Suppose that we have two compact Riemannian manifolds $(M,g)$ and $(N,h)$. Define the Gromov-Hausdorff distance between them in your favorite way, I'll use the infimum of all $\epsilon$ such that there are $\epsilon$-Gromov-Hausdorff approximations between $(M,g)$ and $(N,h)$.
Then define $d(M,N)$ to be the infimum of the Gromov-Hausdorff distance between $(M,g)$ and $(N,h)$ taken over all Riemannian metrics $g$ and $h$ with sectional curvatures bounded in absolute value by 1.

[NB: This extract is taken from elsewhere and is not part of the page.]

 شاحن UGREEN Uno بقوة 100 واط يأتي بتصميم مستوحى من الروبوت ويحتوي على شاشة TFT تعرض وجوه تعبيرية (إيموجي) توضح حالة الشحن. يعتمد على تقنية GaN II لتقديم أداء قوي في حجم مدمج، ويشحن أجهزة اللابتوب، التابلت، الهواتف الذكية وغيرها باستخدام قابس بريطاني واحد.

If you know $d(M,N)$ for various choices of $N$, what can you conclude about $M$?
I know that Cheeger-Fukaya-Gromov theory on collapsed manifolds exactly covers the case when $d(M,N)=0$; for example $d(M,pt)=0$ if and only if $M$ is almost flat. I'm interested in situations where these numbers do not vanish. For example:
If $\Sigma$ is some compact orientable surface how should $d(\Sigma,pt)$ depend on the genus?
If $S^n$ is the standard sphere of dimension $n$, to what extent do the numbers $d(M,S^n)$ determine $M$? Are there manifolds $M$ and $N$ for which $d(M,N)\neq 0$ but $d(M,S^n)=d(N,S^n)$ for all $n$?

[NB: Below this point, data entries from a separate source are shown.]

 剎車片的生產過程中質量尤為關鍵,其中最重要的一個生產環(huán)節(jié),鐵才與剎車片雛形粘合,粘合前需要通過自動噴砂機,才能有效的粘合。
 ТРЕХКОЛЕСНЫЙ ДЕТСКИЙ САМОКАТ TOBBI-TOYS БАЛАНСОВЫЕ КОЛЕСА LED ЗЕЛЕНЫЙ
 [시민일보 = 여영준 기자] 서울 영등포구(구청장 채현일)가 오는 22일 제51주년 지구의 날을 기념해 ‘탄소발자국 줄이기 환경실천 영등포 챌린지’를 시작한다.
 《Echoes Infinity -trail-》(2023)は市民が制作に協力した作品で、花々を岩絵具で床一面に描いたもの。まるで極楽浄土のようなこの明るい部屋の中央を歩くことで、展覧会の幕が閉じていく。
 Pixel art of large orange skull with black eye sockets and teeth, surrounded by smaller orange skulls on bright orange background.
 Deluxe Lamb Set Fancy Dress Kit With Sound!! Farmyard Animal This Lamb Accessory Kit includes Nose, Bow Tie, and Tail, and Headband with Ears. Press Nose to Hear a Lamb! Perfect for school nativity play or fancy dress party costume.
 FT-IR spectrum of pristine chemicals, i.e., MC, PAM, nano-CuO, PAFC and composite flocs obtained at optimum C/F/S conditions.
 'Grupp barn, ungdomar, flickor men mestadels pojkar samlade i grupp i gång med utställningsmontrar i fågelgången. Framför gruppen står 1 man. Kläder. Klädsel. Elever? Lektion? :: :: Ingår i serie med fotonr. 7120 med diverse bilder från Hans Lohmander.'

Is there an $\epsilon$ depending only on dimensions such that $d(M,N)<\epsilon$ implies $d(M,N)=0$?
If anyone can point me toward a reference/paper it would be very appreciated.
Best Answer
This is only an answer to one point of your question: for surfaces of large genus $g$ the distance should be $$ d(S, \mathrm{point}) \asymp \log(g). $$ The lower bound should follow from volume estimates (by Gauss-Bonnet the volume is at least $\gg g$ and the volume growth of balls in spaces with bounded curvature is at most exponential).

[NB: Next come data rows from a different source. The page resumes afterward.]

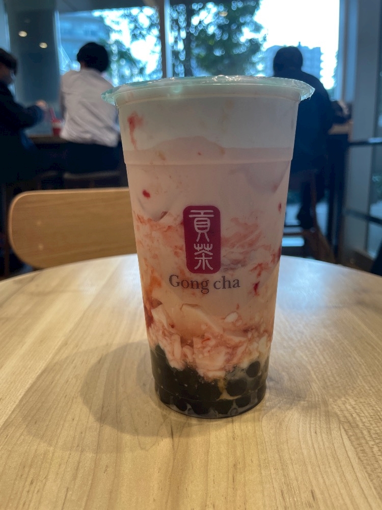 ゴンチャでいちご杏仁ミルクティーにタピオカ🧋をプラスして飲みました🥳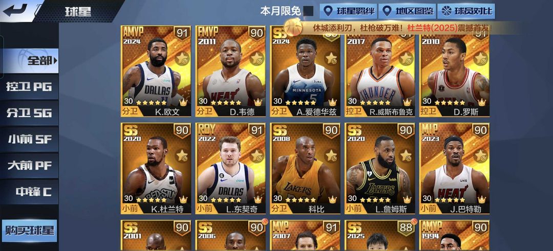 可排位!新天选火箭杜兰特!硬汉科比!天选纳什!天选欧文!天选威少!看图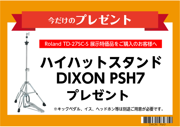ハイハットスタンドPSH7をプレゼント!(写真のハードウエアは展示用なので付属いたしません。)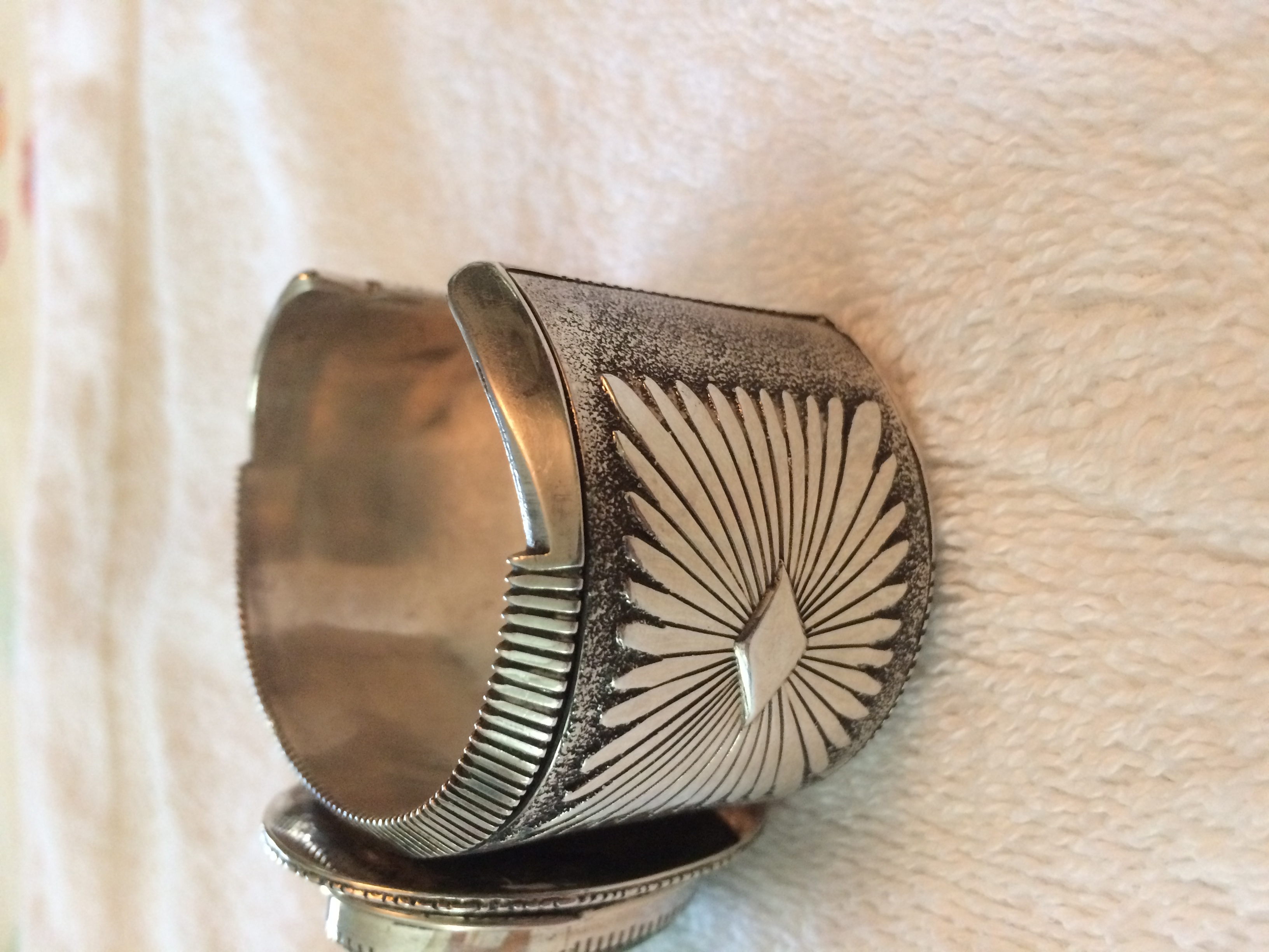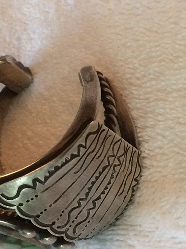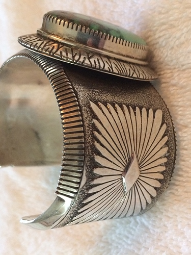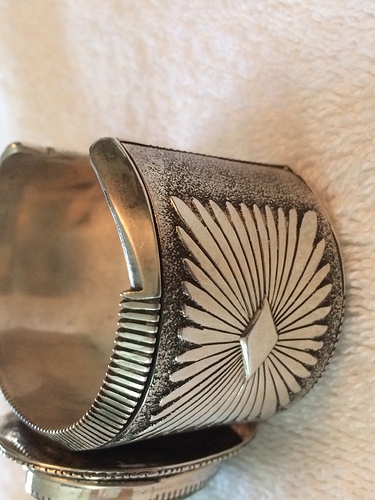 I also saw one cuff by Ric Charlie at Faust Gallery that was not at detailed but had a similar look. One of his hallmarks was a C. Can anyone shed some light on this?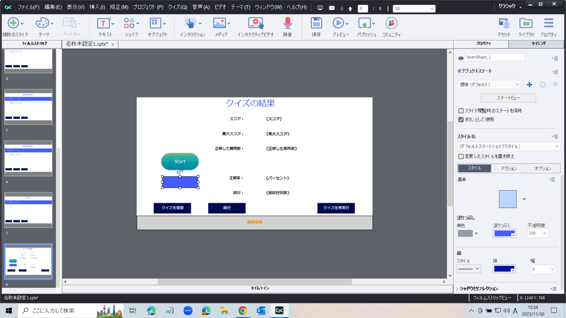 クイズ結果スライドにインタラクティブボタンを追加する方法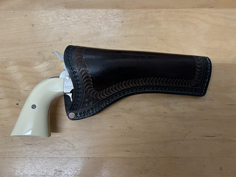 Revolverholster dark brown für Peacemaker 5,5" das Holster nimmt auch Waffen mit 7,5" Lauf auf, da unten offen. Vorderladerrevolver mit geschlossenen Rahmen passen auch gut nur der open Top Revolver fällt etwas tiefer in das Holster. Für Gürtelbreiten bis 8 cm, stabiles dickes Leder, Handarbeit Maker unbekannt schöne Punzieren. Holsteröffnung authentisch mit Kupferniete.

The upper bound can be proven at least in two ways, explicit construction and random. First it follows from the existence of expanding sequences of covers of arithmetic surfaces, which have diameter $\ll \log(g)$ by general facts about expanders (see eg. Lubotzky's book Discrete groups, expanding graphs and invariant measures, in particular 7.3.11(ii)). I think that probably one can get any genus this way but I am unsure whether somebody wrote it down. On the other hand, by results of Mirzakhani (see II) in the intro of Growth of Weil--Petersson volumes and random hyperbolic surfaces of large genus, 1012.2167) a typical surface of genus $g$ has diameter $\ll \log(g)$.